A violência contra mulheres e meninas é uma das principais causas de infecção pelo HIV. As mulheres jovens estão especialmente em risco, já que são vítimas de violência sexual, tráfico para exploração sexual, casamento infantil e outras práticas prejudiciais. O sexo coercivo aumenta o risco de contrair o vírus como resultado direto de trauma físico, lesões e sangramento.

A subordinação que muitas mulheres e meninas são submetidas em suas famílias ou até mesmo na sociedade acaba restringindo o acesso à informação sobre saúde sexual e reprodutiva, bem como o uso de serviços de saúde. O medo da violência faz com que muitas evitem serem testadas ou tratadas e também inibe sua capacidade de negociar práticas sexuais mais seguras.

As mulheres que vivem com o HIV podem ser marginalizadas, abandonadas por suas famílias ou parceiros, expulsas de suas casas, espancadas e até mesmo mortas em alguns países. Esse estigma impede que muitas procurem cuidados médicos básicos, até mesmo quando a violência está relacionada ao HIV.

DESIGUALDADE DE GÊNERO

A desigualdade de gênero também contribui muito para a disseminação do HIV entre as mulheres. Muitas vezes, elas têm menos informações sobre o HIV e menos recursos para tomar medidas preventivas.

Além disso, evidências sugerem que o casamento pode ser um grande fator de risco, especialmente para mulheres jovens e meninas. E mulheres que se reconhecem portadoras de HIV ainda lutam muito contra o estigma e a exclusão familiar e social.

Mesmo tendo o vírus, as mulheres geralmente assumem uma carga muito elevada de cuidado para outros doentes ou parceiros também infectados, sem deixar de lado a responsabilidade com os filhos ou o lar. Isso tudo reduz ainda mais as perspectivas de emprego ou investimento em educação.

Existem diferenças significativas tanto nas novas infecções por HIV entre as mulheres quanto na proporção de mulheres vivendo com HIV (acima de 15 anos) em comparação aos homens, e as diferenças são ainda mais notáveis ​​entre as mulheres jovens (15-24 anos) quando comparadas com homens da mesma faixa etária.
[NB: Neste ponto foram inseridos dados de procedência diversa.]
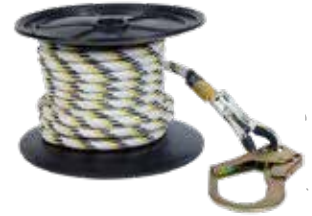
LINEA DE VIDA VERTICAL TEMPORAL EN CUERDA KERNMANTLE 16 MM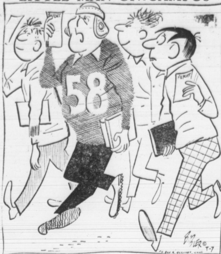
"BOY, I LIKE COLLEGE!— I DIDN'T HAVE TIME TO PLAY FOOTBALL IN HIGH SCHOOL AN' MY GRADES WERE LOUSY."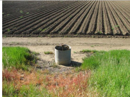
Slide gate in 36-inch Standpipe on WS toe.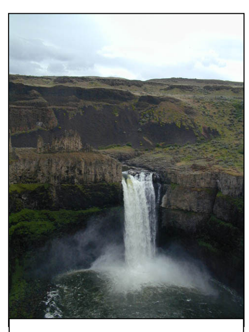
Figure 3. Palouse River Falls

Over 398 miles of stream are included within the Palouse River drainage. The major tributaries and their representative percentage of the overall subbasin include: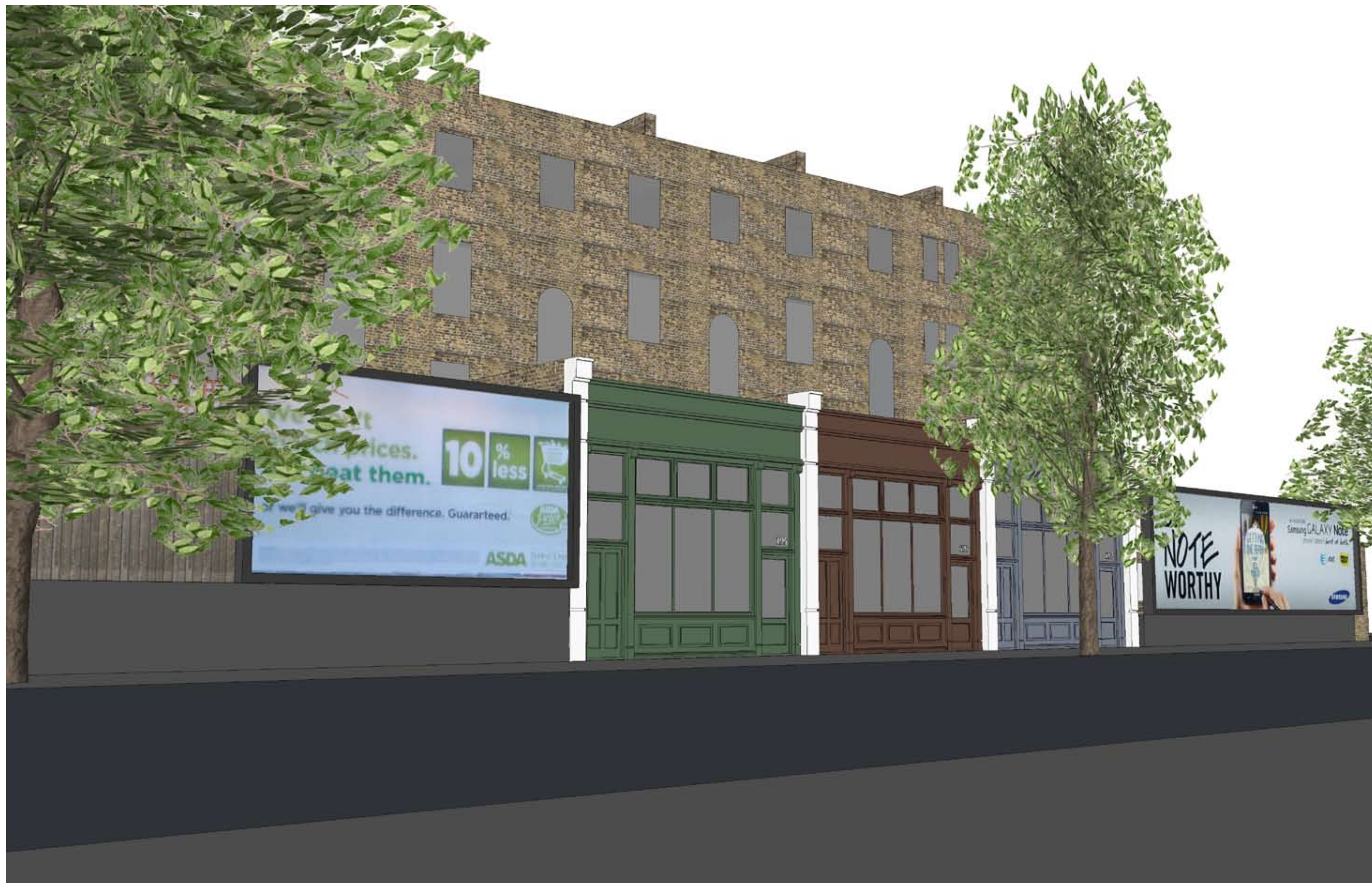
1155R 195-199 GRAYS INN ROAD LONDON WC1 PROPOSED VIEW 2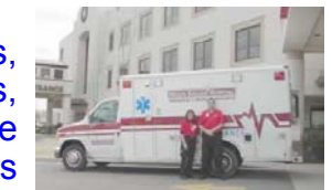
Hospitals, Retirement Homes, Continuous Care Facilities

Boundless Security Systems, Inc. (BSSI) 3 Simm Lane, Unit #1F • Newtown, CT 06470 USA 203-445-0562 x1 (Sales) • fax 203-445-0564 sales(at)BoundlessS.com • www.BoundlessS.com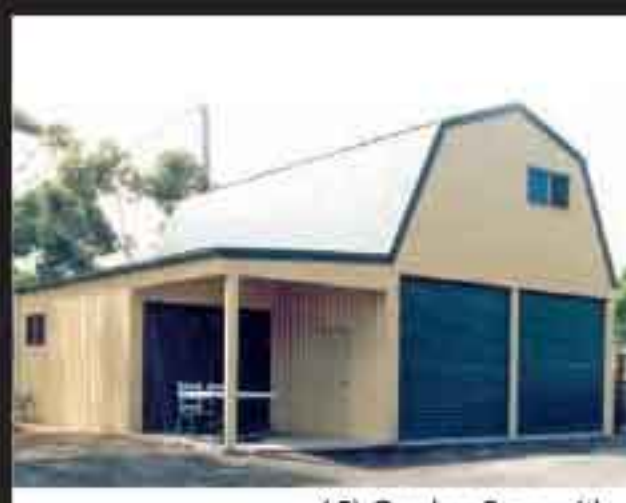
65) Quaker Barn with Annex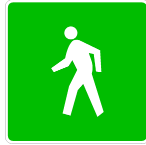
D11-2 450 x 450 mm (18 x 18 in) min. White symbol & border on green background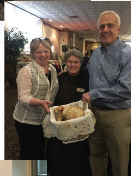
Noto's Charity Winefest 2016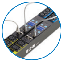
Daisy chain up to eight ePDUs to share same network connection and IP address.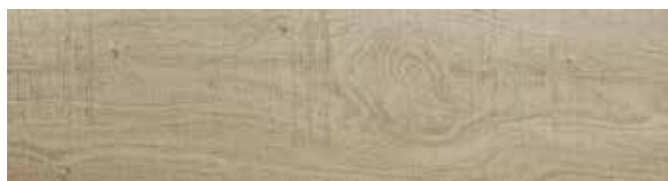
WHITSUNDAYS1143 Long Island Oak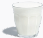
Hot Milky Vanilla 80.-

Experience the taste of rich chocolate mixed with a sweet hot milk.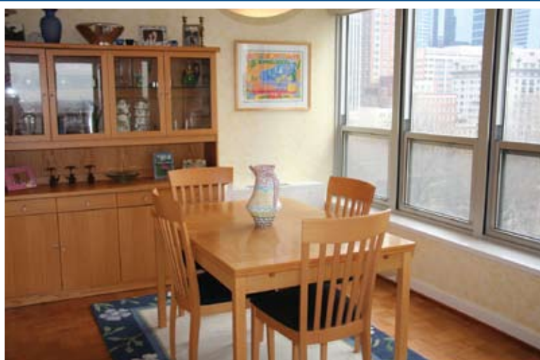
Dining Room – The dining room offers panoramic views of Rittenhouse Square, with plenty of natural daylight and Artemide overhead lighting.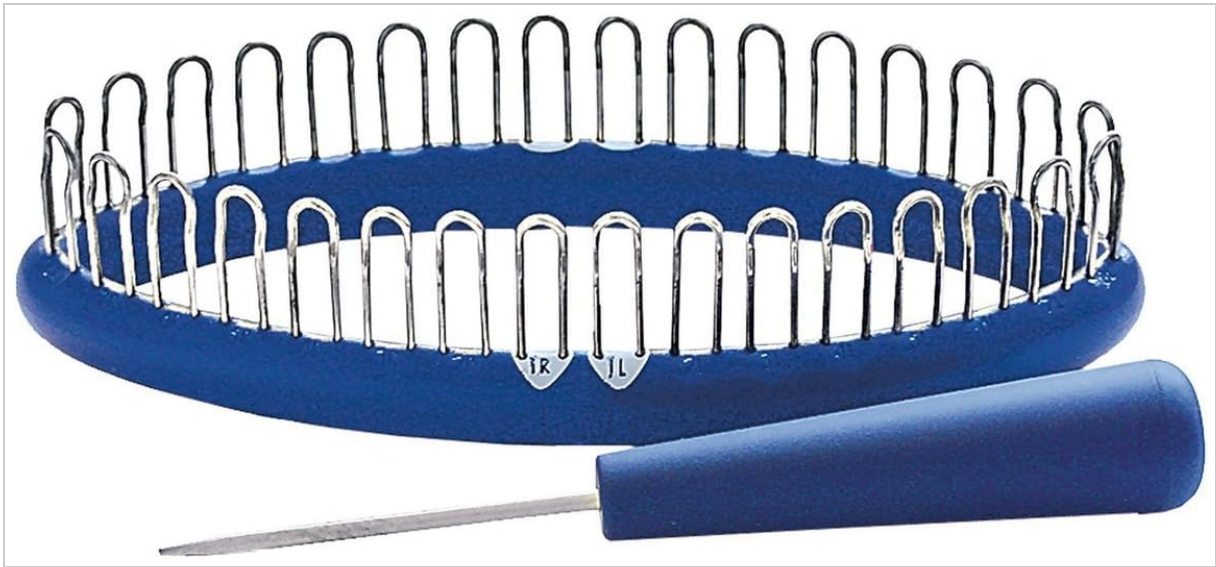
Image: The Prym Large Knitting Loom in dark violet, shown with its accompanying blue cast-off needle.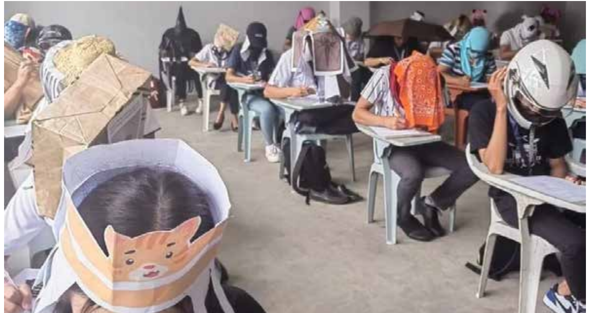
Students were asked to innovate headwear that would block their ability to see their peers' answer papers

O QUE DIZEM AS ESTATÍSTICAS?

Dados compilados pelo Programa Conjunto das Nações Unidas sobre HIV/AIDS (UNAIDS) mostram que cerca de 870 mil mulheres são infectadas por HIV todos os anos no mundo, e só metade tem acesso ao tratamento capaz de salvar vidas. Isso coloca a AIDS como a maior causa de mortes entre mulheres em idade reprodutiva (de 15 a 49 anos) globalmente.

Semanalmente, cerca de 7 mil mulheres jovens entre 15 e 24 anos são infectadas pelo HIV. Na África Subsaariana, três a cada quatro novas infecções são entre meninas com idade entre 15 e 19 anos. Aliás, mulheres jovens entre 15 e 24 anos têm o dobro de probabilidade de estarem vivendo com HIV do que homens.

Cerca de 35% das mulheres em todo o mundo sofreram violência física e/ou sexual em algum momento de suas vidas e em algumas regiões do mundo, as mulheres que sofrem violência são 1,5 mais suscetíveis a se infectar pelo HIV.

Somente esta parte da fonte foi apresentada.